◆ **Your objective**
What you should give back is a precise copy of the lines below from the one containing "黑色蝴蝶长款可抽拉调节毛衣链秋冬项链配饰女轻奢小众高级感配饰" through the one containing "柔らかな曲線を描く爪や優美な", with no pictures.

◆ **Material shown**
----

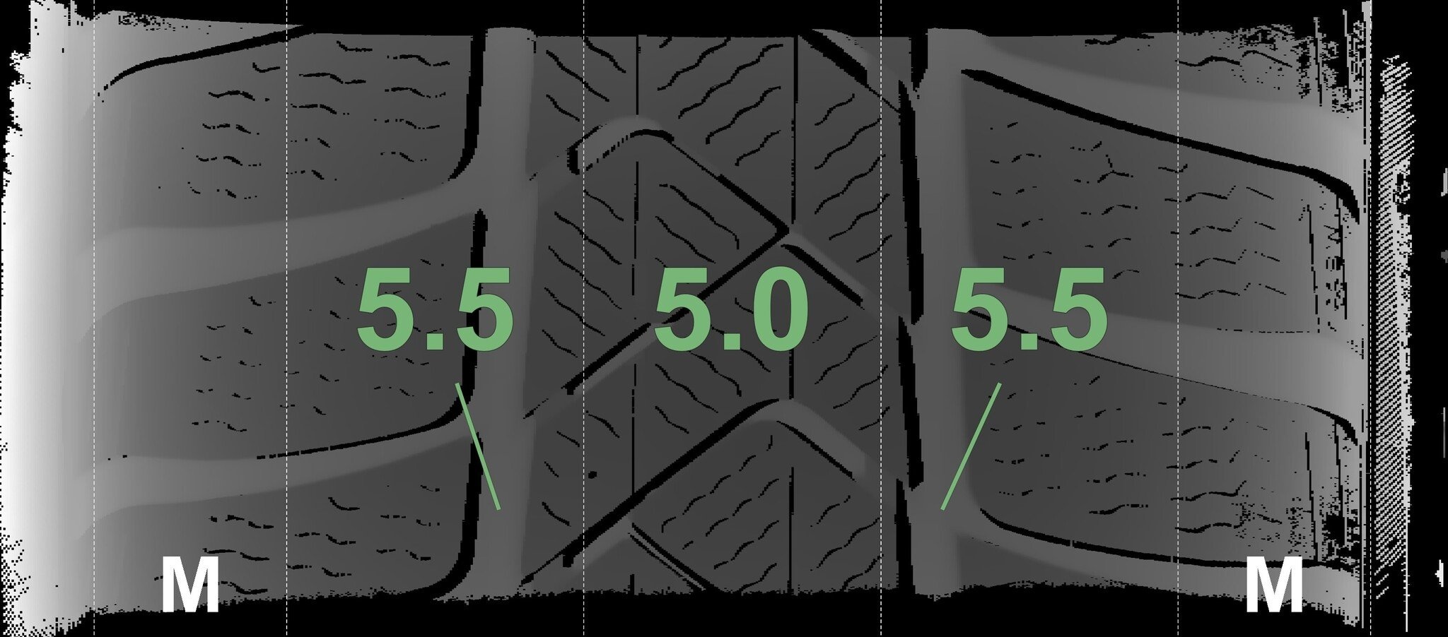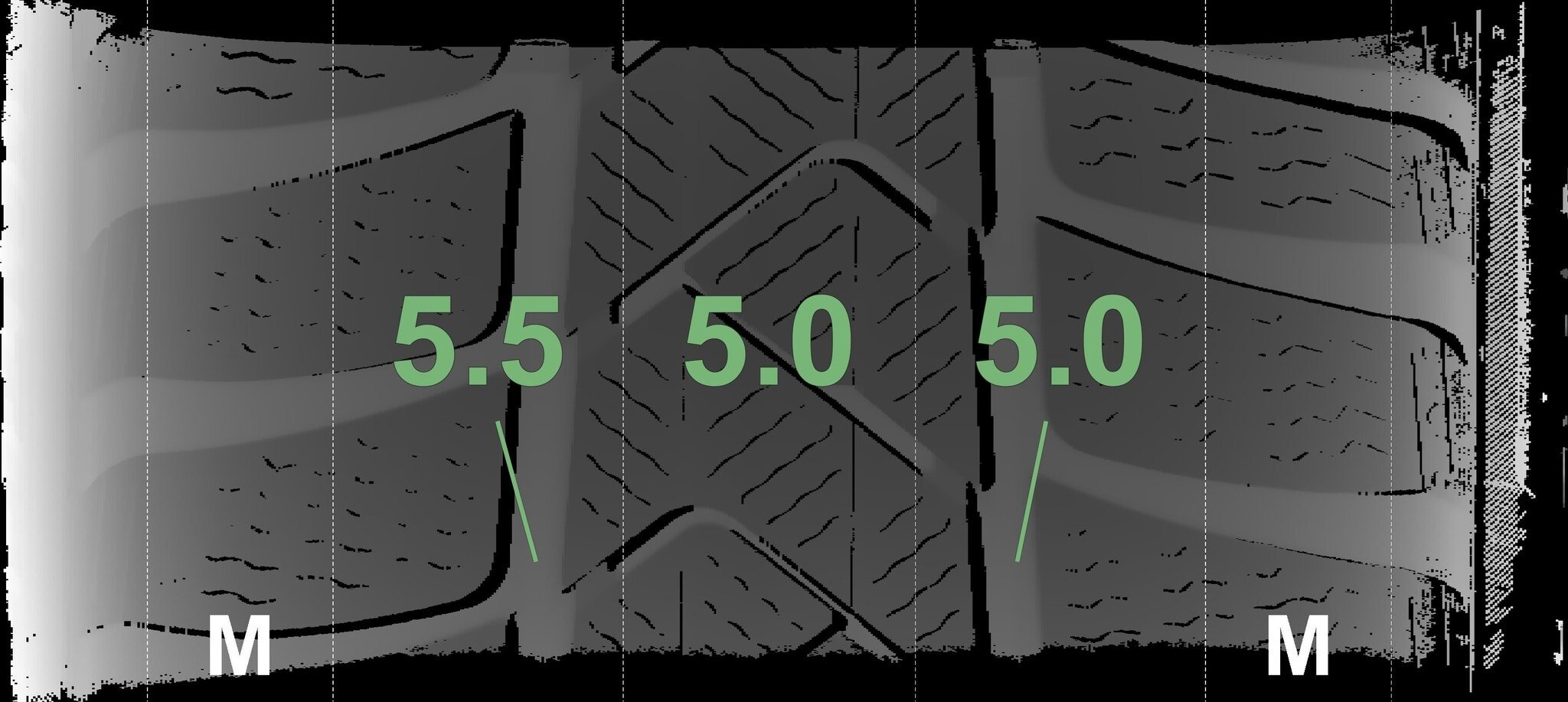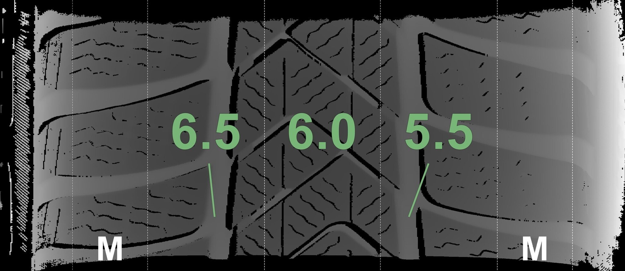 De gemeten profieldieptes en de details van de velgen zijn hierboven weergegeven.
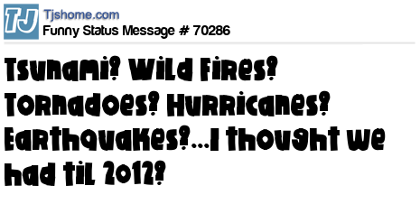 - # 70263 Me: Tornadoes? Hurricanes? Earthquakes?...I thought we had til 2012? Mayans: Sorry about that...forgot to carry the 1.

----

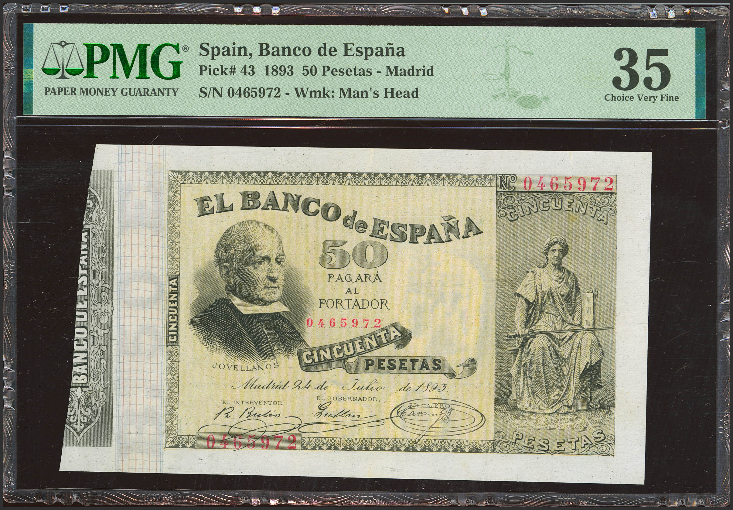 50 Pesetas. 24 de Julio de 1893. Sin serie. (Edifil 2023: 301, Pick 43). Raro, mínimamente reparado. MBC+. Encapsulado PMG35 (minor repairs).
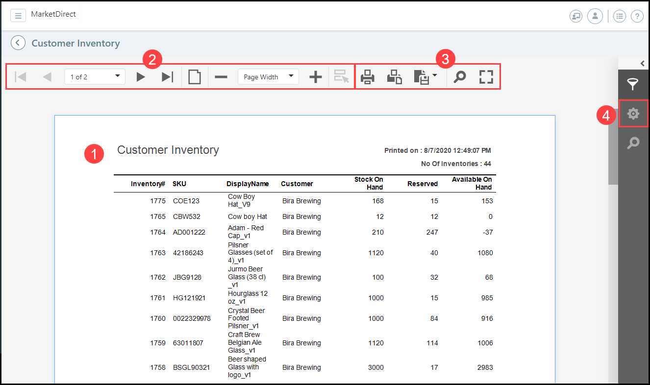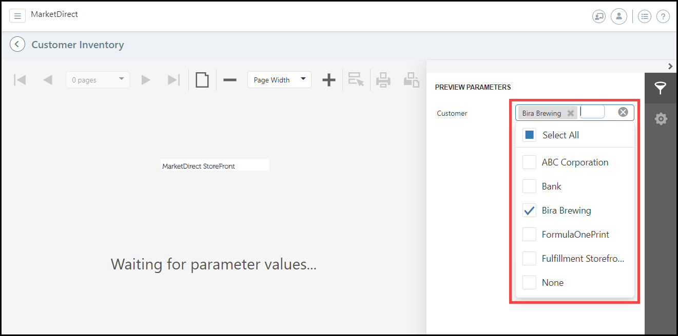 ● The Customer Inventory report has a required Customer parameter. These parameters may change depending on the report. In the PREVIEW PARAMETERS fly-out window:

----

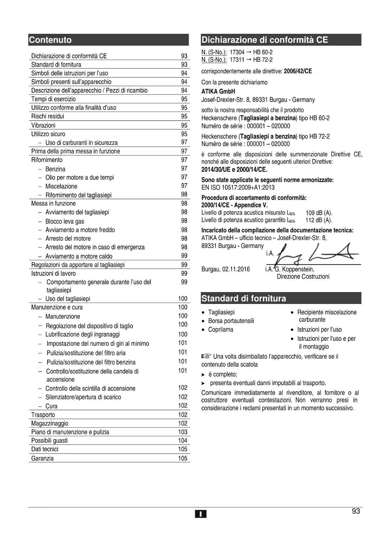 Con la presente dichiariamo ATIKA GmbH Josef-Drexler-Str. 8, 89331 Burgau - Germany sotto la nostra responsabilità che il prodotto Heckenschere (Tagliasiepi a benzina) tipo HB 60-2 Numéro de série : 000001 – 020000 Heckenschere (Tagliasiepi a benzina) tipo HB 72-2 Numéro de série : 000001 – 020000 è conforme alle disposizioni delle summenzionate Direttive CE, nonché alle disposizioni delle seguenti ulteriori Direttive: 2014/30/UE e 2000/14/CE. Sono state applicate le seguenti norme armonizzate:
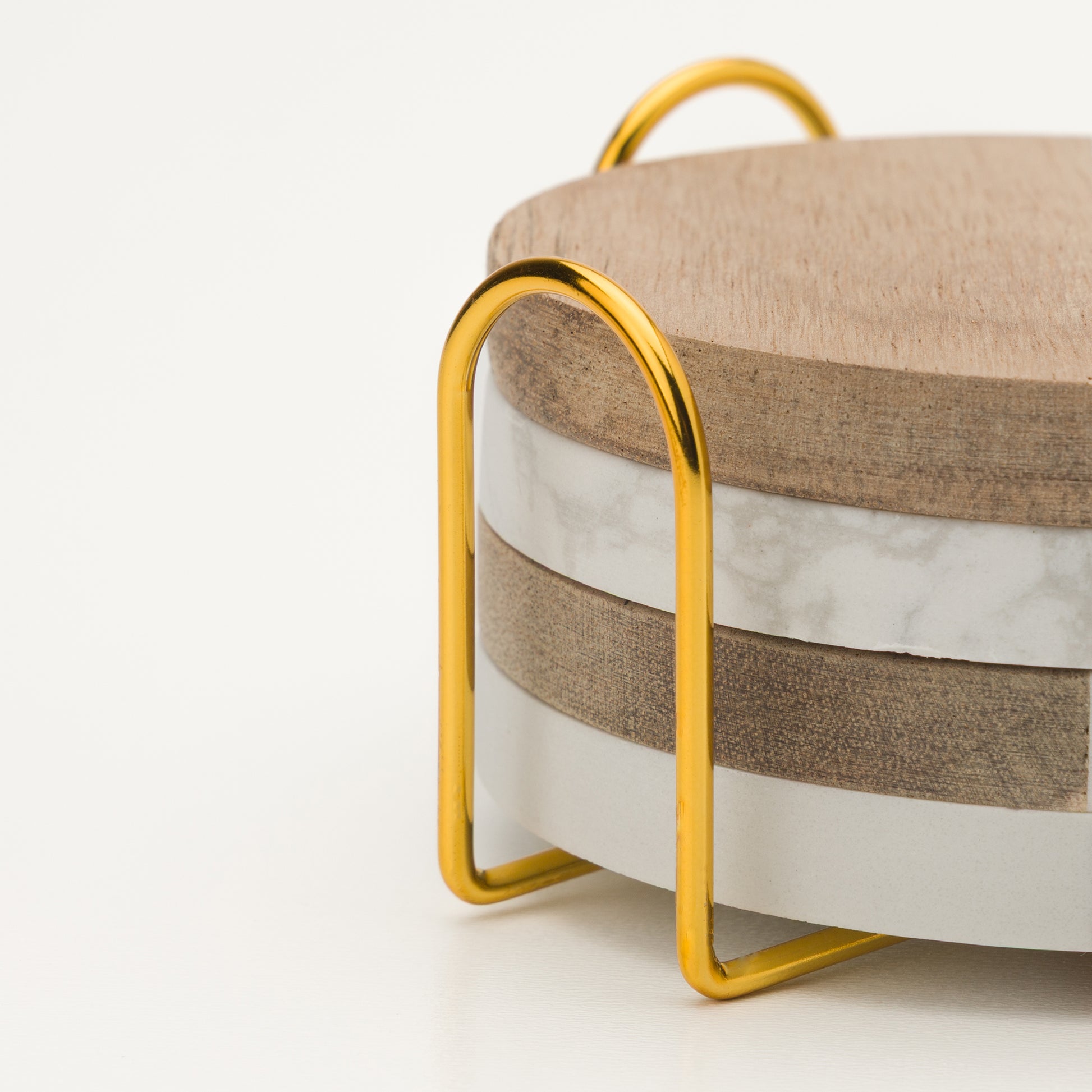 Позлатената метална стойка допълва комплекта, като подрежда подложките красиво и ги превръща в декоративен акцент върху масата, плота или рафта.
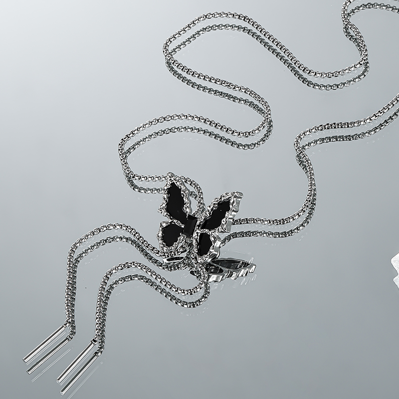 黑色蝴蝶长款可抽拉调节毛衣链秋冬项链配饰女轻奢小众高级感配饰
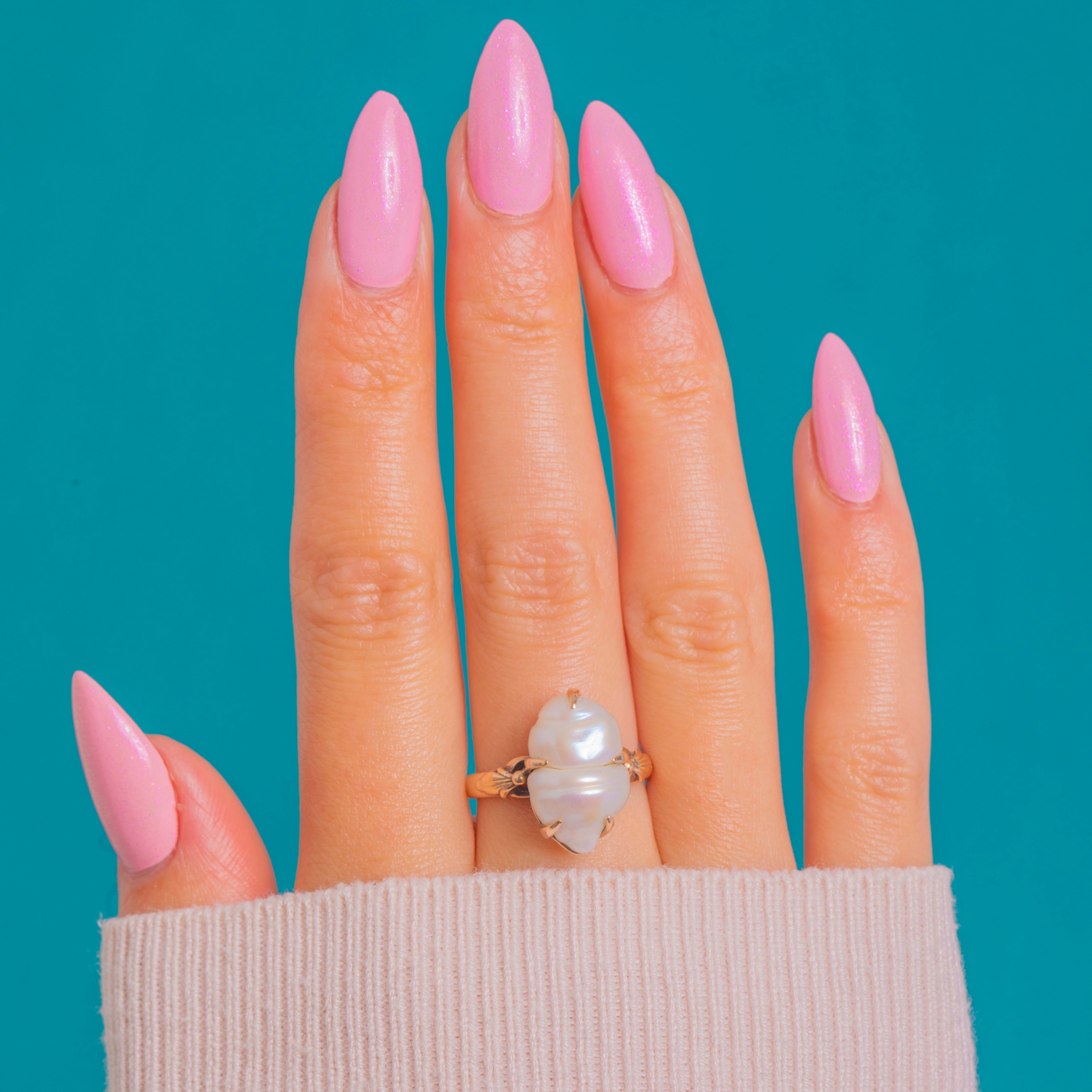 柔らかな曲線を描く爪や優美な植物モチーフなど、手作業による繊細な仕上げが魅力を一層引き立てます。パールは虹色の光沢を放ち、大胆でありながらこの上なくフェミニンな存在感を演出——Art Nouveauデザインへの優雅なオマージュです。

----

◆ **Task result**
 黑色蝴蝶长款可抽拉调节毛衣链秋冬项链配饰女轻奢小众高级感配饰
 柔らかな曲線を描く爪や優美な植物モチーフなど、手作業による繊細な仕上げが魅力を一層引き立てます。パールは虹色の光沢を放ち、大胆でありながらこの上なくフェミニンな存在感を演出——Art Nouveauデザインへの優雅なオマージュです。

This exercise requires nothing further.